At VO=4V you're saying that there must be a 6V drop on top of VO,
and a 4V drop from VO to ground. In this minimum VO case R3B will
So VO = 4V = I*(R2+R3B), and since we've said that here R3B=0,
VO = 4V = I*(R2+0) = I*R2.
If 4 = I*R2, algebraically, R2=4/I.

Since the total series resistance never changes between VS and GROUND,
I will never change, so since we know from our above evaluations of
the limiting values of operation:
R2=4/I.
R1=2/I.

...we can say:
R2=2*R1 i.e. 2*(R1)=2*(2/I)=4/I=R2.

So we know the proportions of R1 and R2, and just have to pick
R1 to satisfy some other known constraint, such as this one
from above:

VO = 4V = 10V * (R2+0) / (R1+1000+R2)
4=10*(R2)/(R1+1000+R2)
4*(R1+1000+R2) = 10*R2
4*R1+4*R2+4000 = 10*R2
but R2=2*R1 from above, so,
4*R1+4*(2*R1)+4000 = 10*(2*R1)
4*R1+8*R1+4000 = 20*R1
(4*R1+8*R1+4000)/(20*R1) = 1
(12*R1+4000)/(20*R1)=1
(12*R1+4000)/(R1)=20
(12+(4000/R1))=20
(0+(4000/R1))=20-12
4000/R1=8
4000=8*R1
R1=4000/8 = 500.

From above,
R2=2*R1= so R2 = 1000.

Knowing that (R3A+R3B)=1000 since it's an 1000 ohm range pot,
I = VS/(R1+R3A+R3B+R2)
I = 10/(500+1000+1000) = 10/2500 = 0.004A.

Going back checking the 8V required case given R1=500 and R2=1000:
VO = 8V = 10V * (R2+1000) / (R1+1000+R2)
8 = 10 * (R2+1000) / (R1+1000+R2)
8 = 10 * (1000+1000) / (500+1000+1000)
8 = 10*2000/2500 = true, so that works to get 8V at one extreme pot setting.

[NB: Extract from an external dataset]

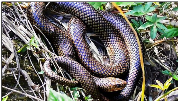
2. Culebra parda de agua: Llega a medir un metro de largo. Su coloración dorsal es castaña oscura y su vientre es amarillento con manchas negras.

Este relevamiento de aves, anfibios, peces, reptiles y mamíferos es el primero que se reduce a los 220 kilómetros cuadrados de islas que son jurisdicción del municipio de Tigre y conforman la primera sección del delta, que es el conjunto de islas que está frente a la costa de Tigre y San Fernando, desde el canal Arias y hasta el Río de la Plata, y entre el Luján y el Paraná. Hasta el reciente estudio, hecho por el Observatorio Ambiental del Delta, sólo se sabía que en todo el delta bonaerense, que abarca 2800 kilómetros cuadrados, la diversidad de especies era de 543. Por lo que ahora se pudo determinar que en la porción más densamente poblada, que representa menos del 10% de la zona, aún vive el 50% de las especies del área.

Going back checking the 4V required case given R1=500 and R2=1000:
VO = 4V = 10V * (R2+0) / (R1+1000+R2)
4 = 10*(1000+0) / (500+1000+1000)
4 = 10000 / 2500 = true, so that works to get 4V at the other extreme pot setting.

So basically you just work with combinations of what you know must be true
given the specified circuit operations to try to define important
component relationships to each other and the known parameters, and
simplify, substitute algebraically, simplify, etc. until you have
solved for one unknown, then go back and substitute that known value
to get the values for other unknowns.